§ **What is needed**
Return each record word for word and omit the pictures.

=== Records to process ===

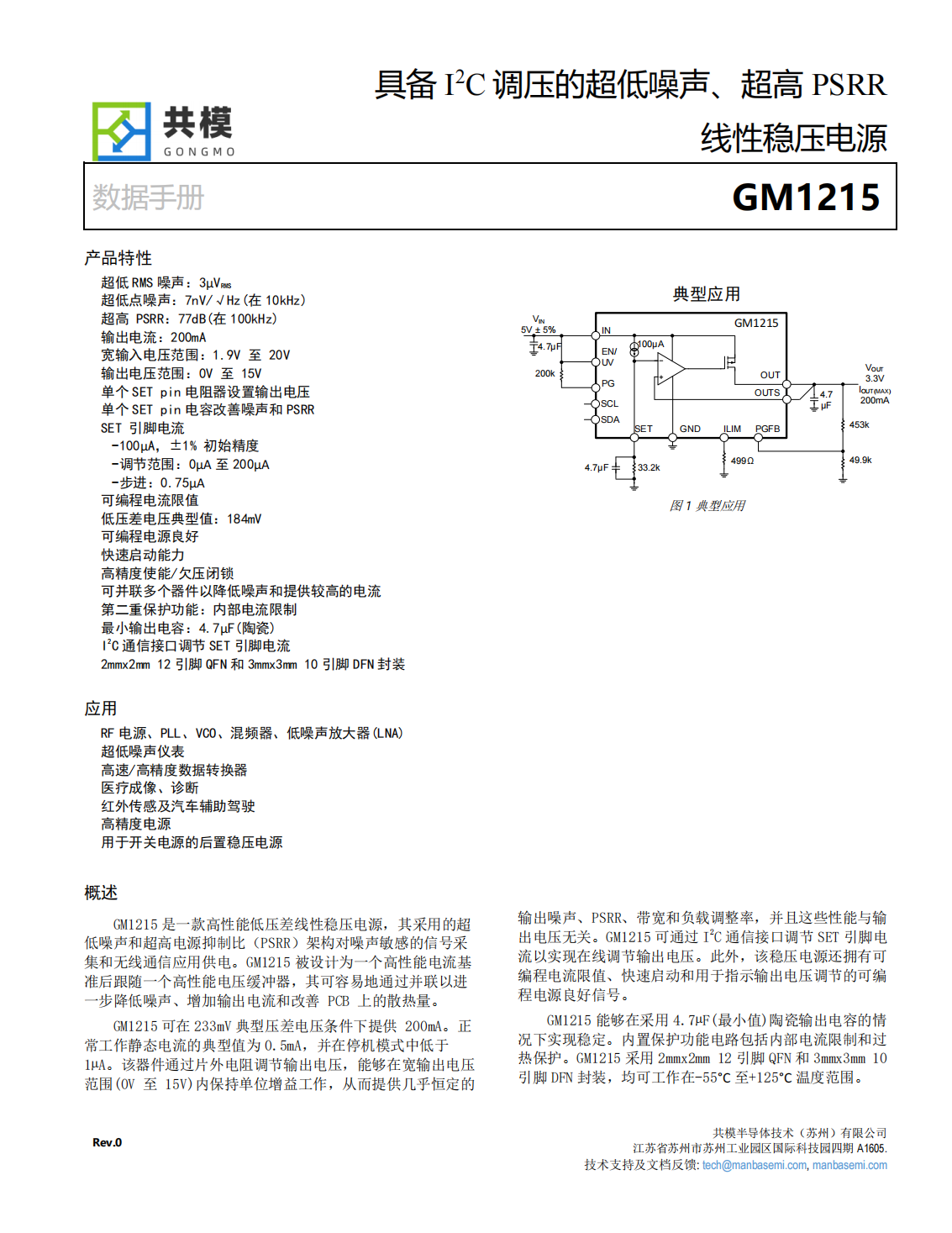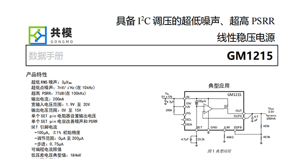 GM1215可在233mV典型壓差電壓條件下提供200mA。正常工作靜態(tài)電流的典型值為0.5mA,并在停機模式中低于1μA。該器件通過(guò)片外電阻調節輸出電壓,能夠在寬輸出電壓范圍(0V至15V)內保持單位增益工作,從而提供幾乎恒定的輸出噪聲、PSRR、帶寬和負載調整率,并且這些性能與輸出電壓無(wú)關(guān)。GM1215可通過(guò)I2C通信接口調節SET引腳電流以實(shí)現在線(xiàn)調節輸出電壓。此外,該穩壓電源還擁有可編程電流限值、快速啟動(dòng)和用于指示輸出電壓調節的可編程電源良好信號。
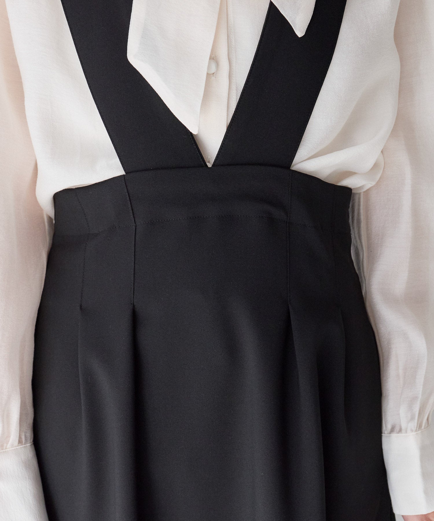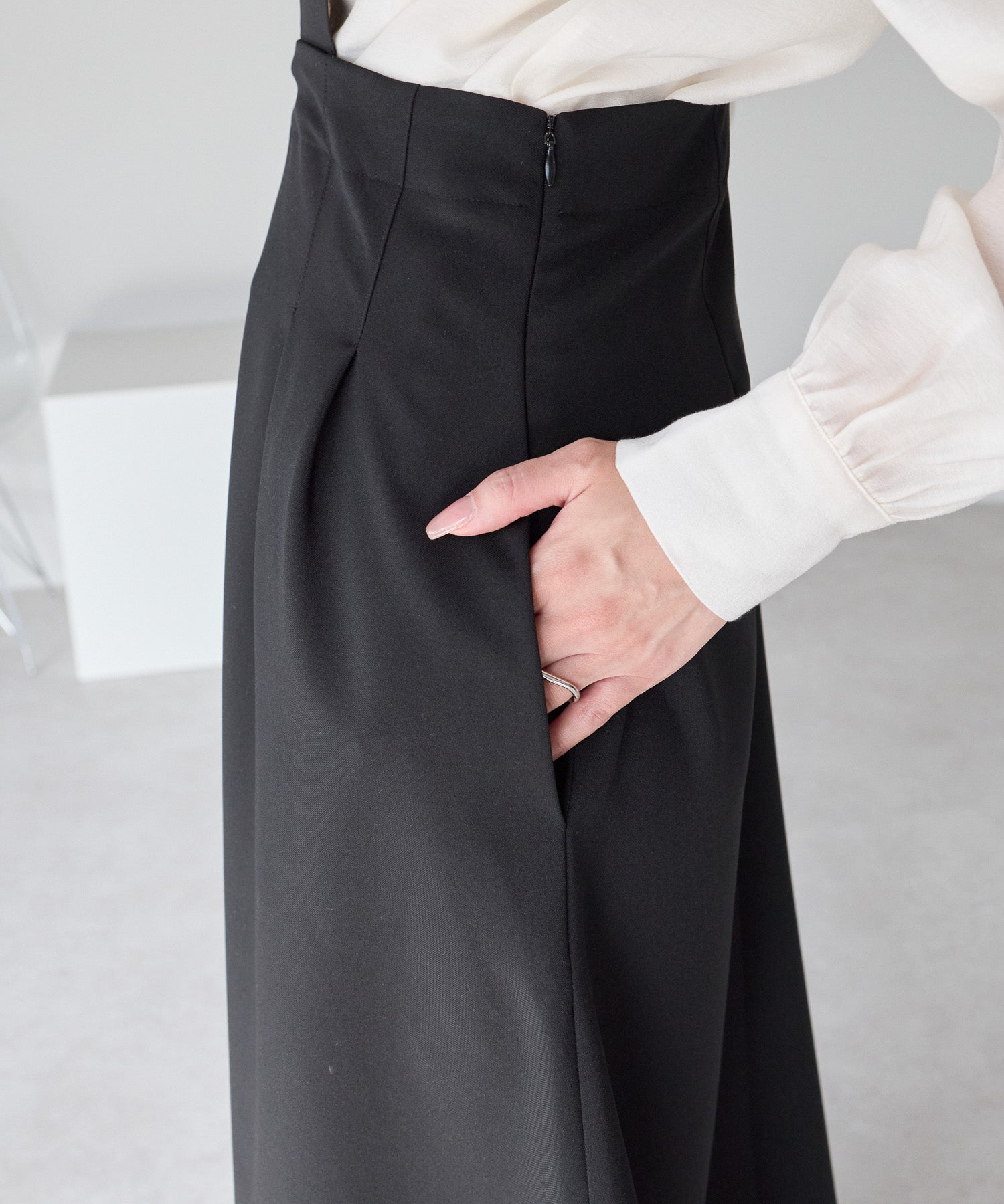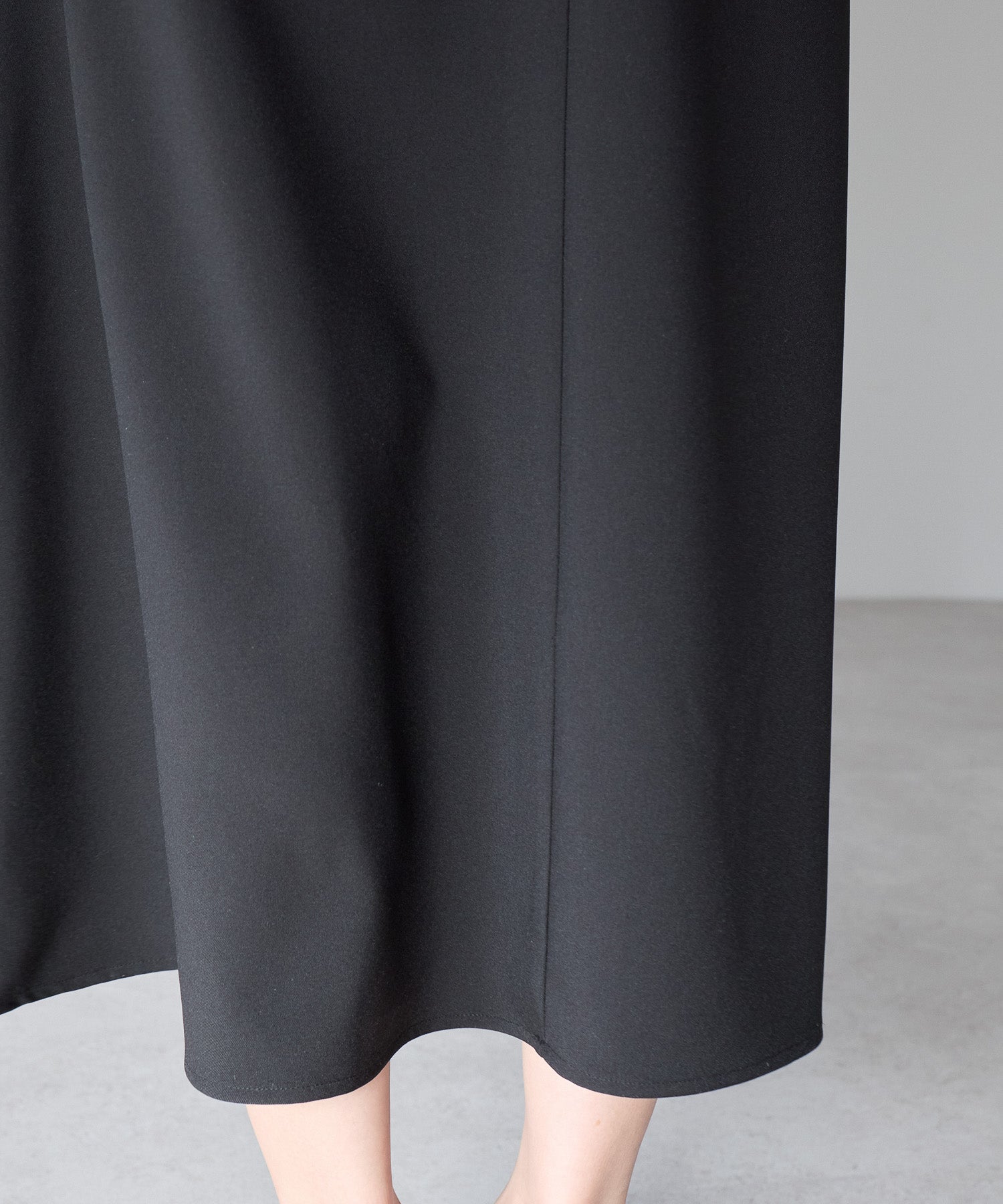 ウエスト位置を高めに見せるバランスと、裾に向かってなだらかに広がるシルエットが、脚長効果と美しい立ち姿を演出します。
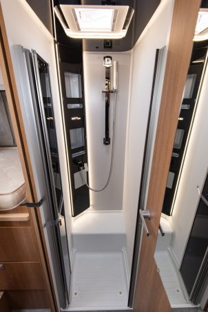 Poursuivons notre visite. Dans la cuisine, le bloc principal est relativement imposant. Cela permet de profiter d’un grand évier, d’un réchaud 2 feux affleurant avec couvercle en verre et d’un assez grand plan de travail dont le revêtement est identique à celui de la table. La hotte aspirante est installée de série. En face, une colonne intègre le grand réfrigérateur à absorption (167 l avec un compartiment congélation indépendant de 29 l). Pour ranger casseroles, verres, assiettes, couverts, boîtes de conserve et autres paquets de pâtes…, on peut compter sur les deux placards de pavillon et six tiroirs vastes et profonds. Pour limiter les risques d’ouverture au roulage, un verrouillage centralisé bloque toute la série de tiroirs.
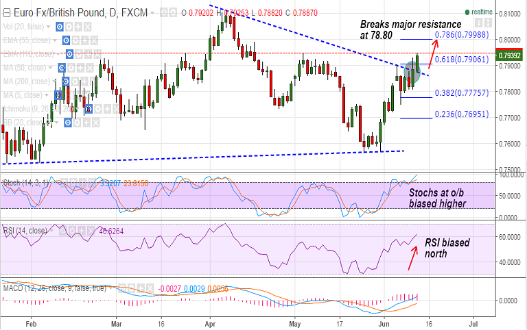 - EUR/GBP extends gains above 0.79 handle after breaking major resistance at 0.7880.
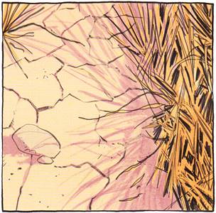 La sécheresse est un des éléments les plus récurrents de la description du paysage dans Intempérie. C’est également le thème de la deuxième vignette qui représente en gros plan un fragment de sol craquelé par l’aridité. Quelques herbes desséchées peinent encore à y pousser mais elles annoncent déjà l’infertilité du sol, la désertification, l’exode et l’abandon des villages. Le texte qui accompagne le dessin corrobore cette perception de paysage dans lequel plus rien ne pousse. Les terres fertiles ont laissé la place à de la glaise. Le vert de la végétation n’est plus qu’un souvenir effacé par la couleur cramoisie de la sécheresse. Le sol n’est par endroit que poussière. Il n’y a plus que des cailloux pour rompre la monotonie de la platitude. Il est intéressant d’ailleurs de remarquer que la sécheresse n’est évoquée que par des éléments liquides : « une mer de céréales baignait la plaine, les épis ondulaient comme la surface d’un océan, vagues vertes et parfumées. » Toutes ces métaphores n’ont d’autre fonction que d’accroître le sentiment d’hostilité causé par le manque d’eau.
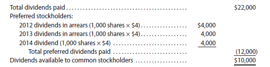 The corporation was organized on January 1, 2012, and paid no dividends in 2012 and 2013. In 2014, the corporation paid $22,000 in dividends, of which $12,000 was paid to preferred stockholders and $10,000 was paid to common stockholders as shown below.
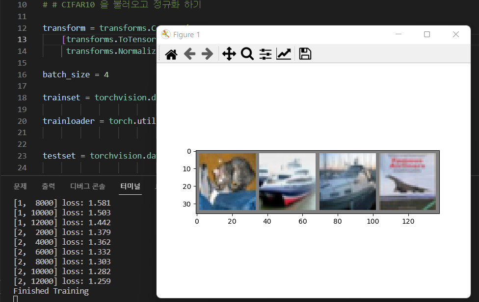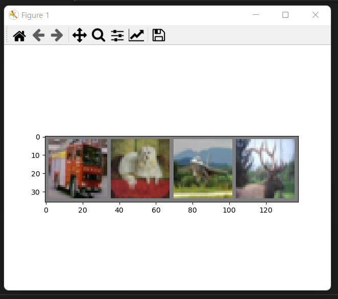 1.에서 불러온 CIFAR-10에서 이미지를 4개 정도 가져오는 실습 진행
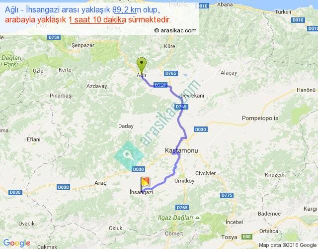 Ağlı - İhsangazi arası yaklaşık olarak 90 km/h ile yukarıda belirtilen sürede olup, iki yerin kuş uçuşu uzaklığı (mesafesi) 53'dir. Yolculuk otobüsle 1 saat 31 dakika sürmektedir.
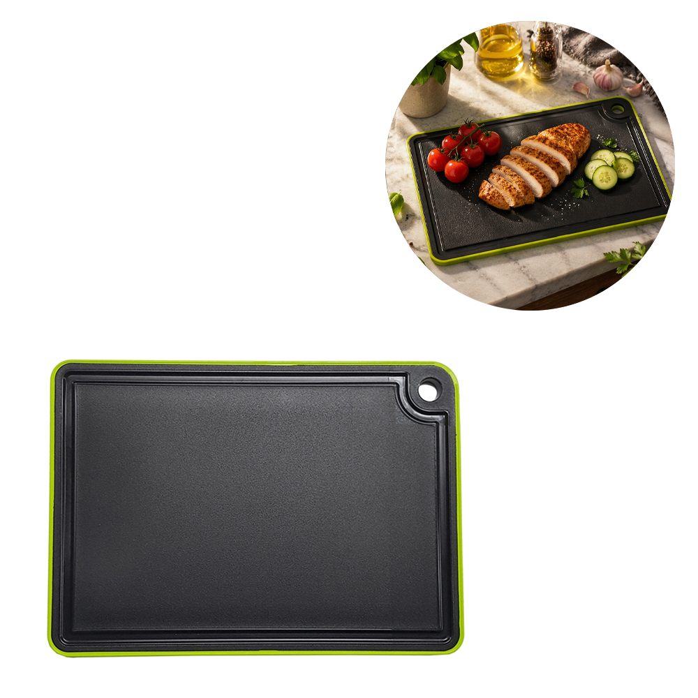 Dank der integrierten Anti-Rutsch Funktion bleibt das Tranchierbrett stabil an seinem Platz und sorgt für mehr Sicherheit bei der Küchenarbeit. Die Saftrille fängt austretende Flüssigkeiten zuverlässig auf, sodass deine Arbeitsfläche sauber bleibt. Gefertigt aus Kunststoff, ist das Brett pflegeleicht und bestens für den täglichen Einsatz geeignet. Die Farbkombination in Schwarz und Grün setzt zudem einen modernen Akzent in deiner Küche.
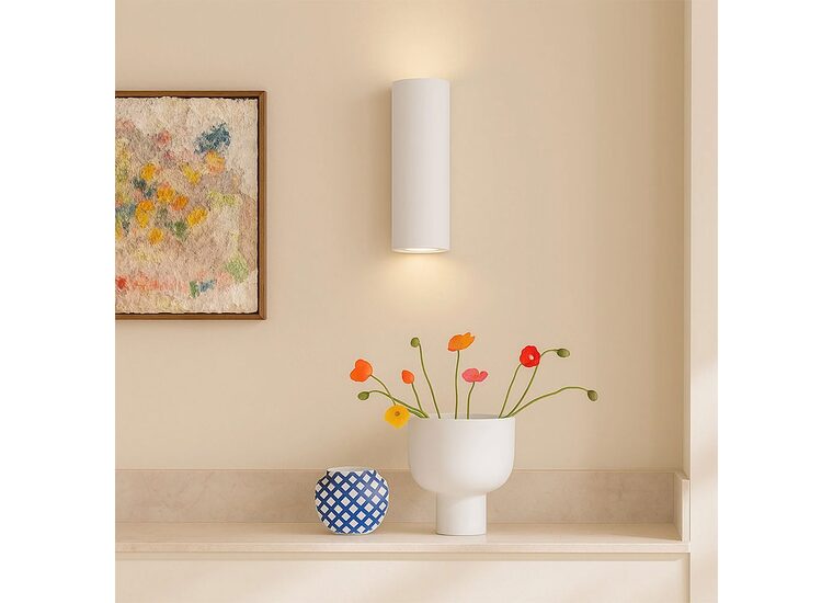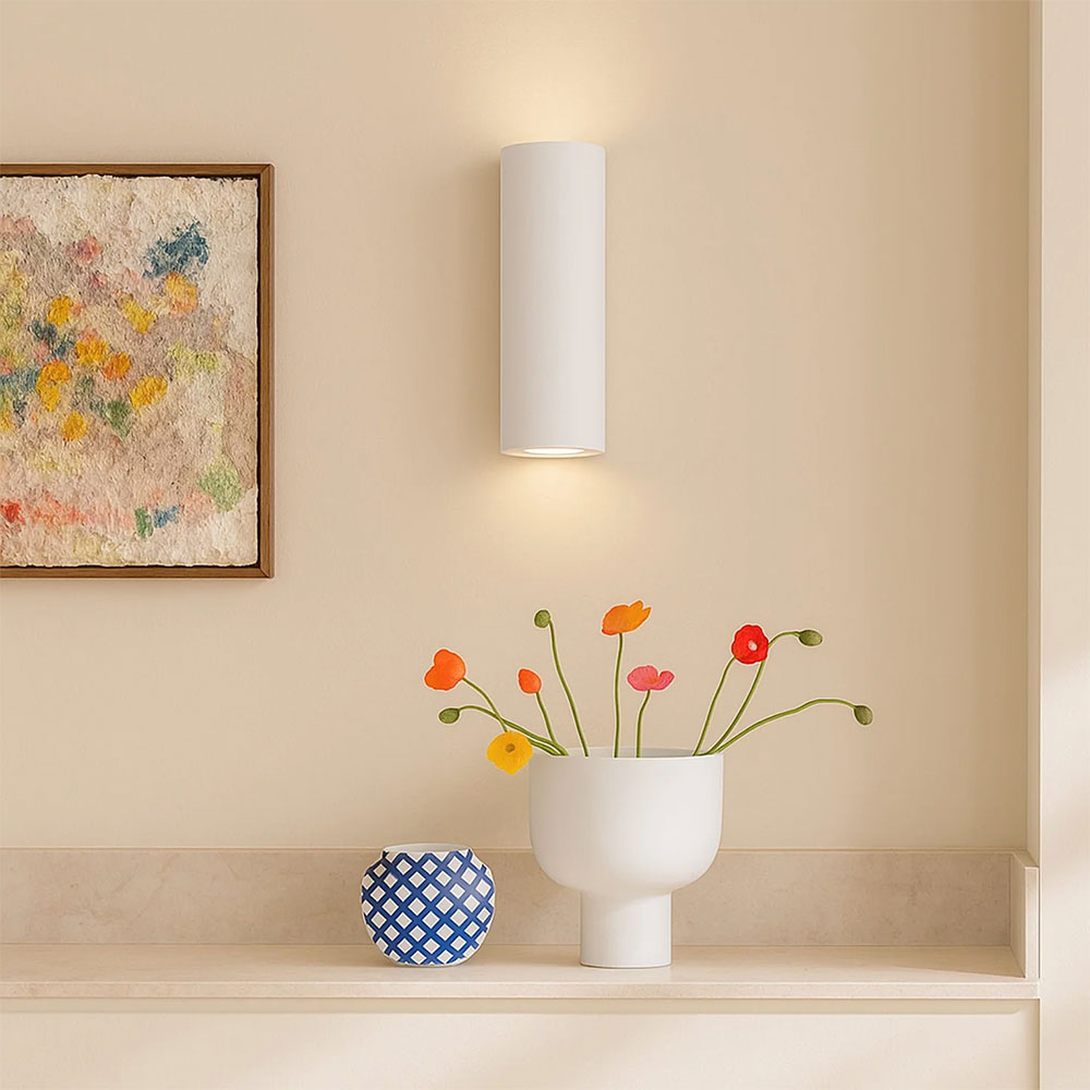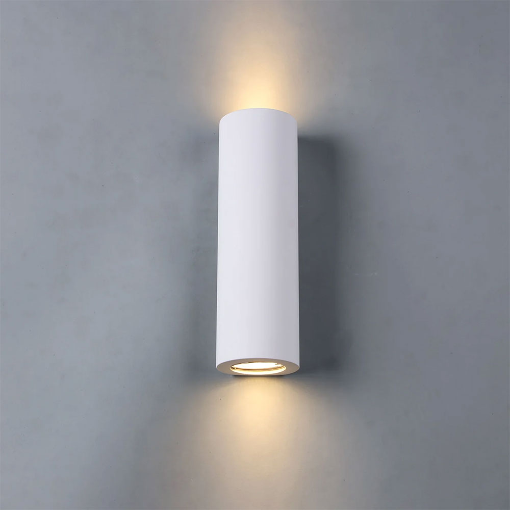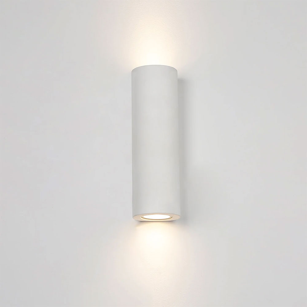 Elevate your modern space with the Onyx 2lt Plaster Wall Sconce, featuring a sleek contemporary minimalist design defined by its smooth white plaster cylinder shade, createing an abundance of welcoming light and active accents perfect for enhancing the atmosphere in your living room, bedroom, hallway, corridor, stairwell, or entryway, seamlessly combining functional lighting with stylish modern charm.
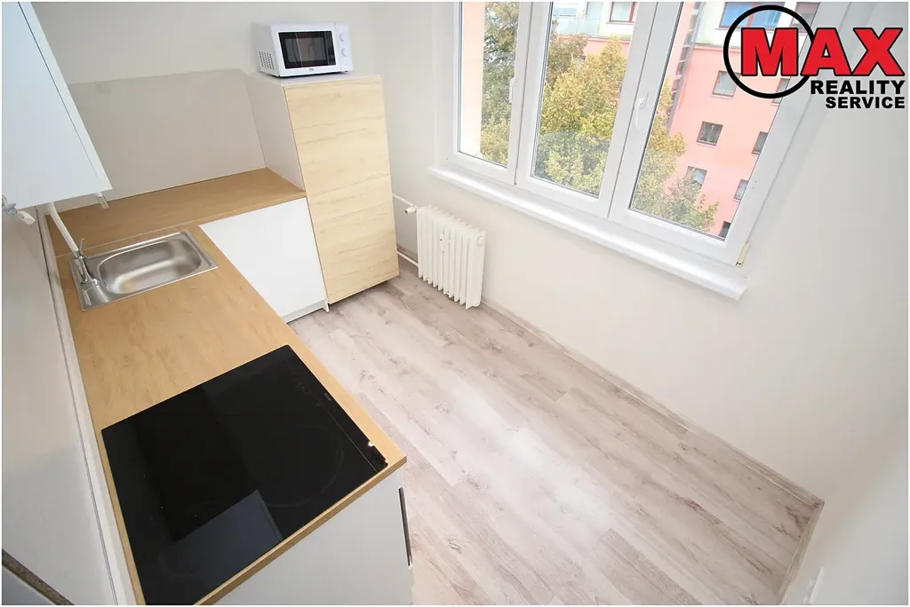 Byt je nově zařízený (kuchyňská linka IKEA se spotřebiči (el.sklokeram. deska, el.trouba, lednice s mrazákem, mikrovlnka, digestoř).
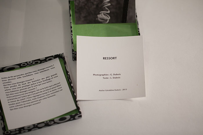 Le premiére version des textes en boîte est épuisée. Une seconde version reprenant les mémes caractéristiques a été publiée. Le format est légérement plus grand 15x15 et le texte et les photographies sont différents de la premiére version. Ressort a été renommé Noeud.

===

§ **Exercise output**
 GM1215可在233mV典型壓差電壓條件下提供200mA。正常工作靜態(tài)電流的典型值為0.5mA,并在停機模式中低于1μA。該器件通過(guò)片外電阻調節輸出電壓,能夠在寬輸出電壓范圍(0V至15V)內保持單位增益工作,從而提供幾乎恒定的輸出噪聲、PSRR、帶寬和負載調整率,并且這些性能與輸出電壓無(wú)關(guān)。GM1215可通過(guò)I2C通信接口調節SET引腳電流以實(shí)現在線(xiàn)調節輸出電壓。此外,該穩壓電源還擁有可編程電流限值、快速啟動(dòng)和用于指示輸出電壓調節的可編程電源良好信號。
 ウエスト位置を高めに見せるバランスと、裾に向かってなだらかに広がるシルエットが、脚長効果と美しい立ち姿を演出します。
 Poursuivons notre visite. Dans la cuisine, le bloc principal est relativement imposant. Cela permet de profiter d’un grand évier, d’un réchaud 2 feux affleurant avec couvercle en verre et d’un assez grand plan de travail dont le revêtement est identique à celui de la table. La hotte aspirante est installée de série. En face, une colonne intègre le grand réfrigérateur à absorption (167 l avec un compartiment congélation indépendant de 29 l). Pour ranger casseroles, verres, assiettes, couverts, boîtes de conserve et autres paquets de pâtes…, on peut compter sur les deux placards de pavillon et six tiroirs vastes et profonds. Pour limiter les risques d’ouverture au roulage, un verrouillage centralisé bloque toute la série de tiroirs.
 - EUR/GBP extends gains above 0.79 handle after breaking major resistance at 0.7880.
 La sécheresse est un des éléments les plus récurrents de la description du paysage dans Intempérie. C’est également le thème de la deuxième vignette qui représente en gros plan un fragment de sol craquelé par l’aridité. Quelques herbes desséchées peinent encore à y pousser mais elles annoncent déjà l’infertilité du sol, la désertification, l’exode et l’abandon des villages. Le texte qui accompagne le dessin corrobore cette perception de paysage dans lequel plus rien ne pousse. Les terres fertiles ont laissé la place à de la glaise. Le vert de la végétation n’est plus qu’un souvenir effacé par la couleur cramoisie de la sécheresse. Le sol n’est par endroit que poussière. Il n’y a plus que des cailloux pour rompre la monotonie de la platitude. Il est intéressant d’ailleurs de remarquer que la sécheresse n’est évoquée que par des éléments liquides : « une mer de céréales baignait la plaine, les épis ondulaient comme la surface d’un océan, vagues vertes et parfumées. » Toutes ces métaphores n’ont d’autre fonction que d’accroître le sentiment d’hostilité causé par le manque d’eau.
 The corporation was organized on January 1, 2012, and paid no dividends in 2012 and 2013. In 2014, the corporation paid $22,000 in dividends, of which $12,000 was paid to preferred stockholders and $10,000 was paid to common stockholders as shown below.
 1.에서 불러온 CIFAR-10에서 이미지를 4개 정도 가져오는 실습 진행
 Ağlı - İhsangazi arası yaklaşık olarak 90 km/h ile yukarıda belirtilen sürede olup, iki yerin kuş uçuşu uzaklığı (mesafesi) 53'dir. Yolculuk otobüsle 1 saat 31 dakika sürmektedir.
 Dank der integrierten Anti-Rutsch Funktion bleibt das Tranchierbrett stabil an seinem Platz und sorgt für mehr Sicherheit bei der Küchenarbeit. Die Saftrille fängt austretende Flüssigkeiten zuverlässig auf, sodass deine Arbeitsfläche sauber bleibt. Gefertigt aus Kunststoff, ist das Brett pflegeleicht und bestens für den täglichen Einsatz geeignet. Die Farbkombination in Schwarz und Grün setzt zudem einen modernen Akzent in deiner Küche.
 Elevate your modern space with the Onyx 2lt Plaster Wall Sconce, featuring a sleek contemporary minimalist design defined by its smooth white plaster cylinder shade, createing an abundance of welcoming light and active accents perfect for enhancing the atmosphere in your living room, bedroom, hallway, corridor, stairwell, or entryway, seamlessly combining functional lighting with stylish modern charm.
 Byt je nově zařízený (kuchyňská linka IKEA se spotřebiči (el.sklokeram. deska, el.trouba, lednice s mrazákem, mikrovlnka, digestoř).
 Le premiére version des textes en boîte est épuisée. Une seconde version reprenant les mémes caractéristiques a été publiée. Le format est légérement plus grand 15x15 et le texte et les photographies sont différents de la premiére version. Ressort a été renommé Noeud.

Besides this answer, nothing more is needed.